After helping to bring the new Second Avenue subway line into service over the weekend, the top official at the MTA announced he is stepping down. Transit Reporter Jose Martinez takes a look at Thomas Prendergast's legacy, and the challenges facing his replacement.  

"Chairman Prendergast, God bless you, you're going to go down in history," Governor Andrew Cuomo said last month, in anticipation of the opening of the Second Avenue subway line.

Going down in history — perhaps. But, the head of the MTA definitely is going.

 After seeing through the opening of the Second Avenue subway, MTA Chairman Thomas Prendergast is heading for the exits after a three-and-a-half-year run leading America's busiest mass transit system.

"It's got to be one of the hardest jobs in the country," said Tom Wright of the Regional Plan Association.

For Prendergast, it has been the pinnacle of four decades in public transportation.

He was the rare MTA leader who spent most of his career at the agency.

Among his jobs: heading both New York City Transit and the Long Island Rail Road.

"Prendergast could run the railroad, he could run the bus system and he could run the subway system," said TWU Local 100 President John Samuelsen. "And nobody else before him has had those qualities."

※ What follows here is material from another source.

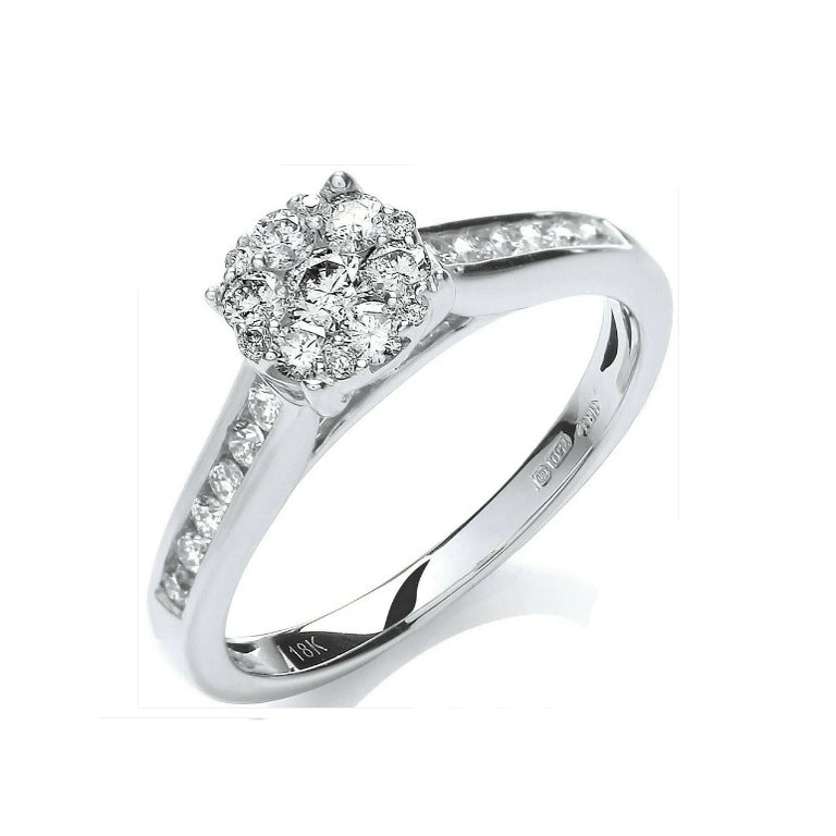 This unique engagement ring brings together a sparkling cluster of high grade diamonds to create big, eye-catching brilliance that's sure to make her say 'yes'. The setting gives a solitaire illusion and showing the highest standard of craftsmanship in UK hallmarked 18 carat white gold.

Prendergast's legacy includes overseeing repairs to the subways after the damage caused by Hurricane Sandy.

Expanding Select Bus Service, and developing a new capital program to maintain and expand the entire transit system.

And then there was his final act — meeting the latest deadline for opening the Second Avenue subway, a focus of Governor Andrew Cuomo, Prendergast's very demanding boss.

"Obviously opening up the Second Avenue subway is a good thing for him, even though he certainly didn't start that project," said Nicole Gelinas, a Senior Fellow at the Manhattan Institute. "Nobody alive started that project."

"Prendergast understood the job, he understood the work we do," said TWU President Samuelsen. "The same can't be said for many of his predecessors."

Several previous MTA chairmen, like Dick Ravitch and Peter Kalikow, were real estate developers.

Cuomo says he wants Prendergast's replacement to be a transit system operator and developer, in part because of plans to turn the Farley Post Office building into a transit hub.

Watchdogs say that will be tricky.

"What riders really need is someone who not only understands public transit, but understands how to advocate for it, in Albany and with the state government," said John Raskin, executive director of the Riders Alliance.

"The budget issues and the politics are always just enormous challenges to anyone trying to run this," said Wright of the Regional Plan Association.

Soon enough those will be someone else's problems.

Cuomo has said he intends to name a successor for Prendergast in a matter of weeks.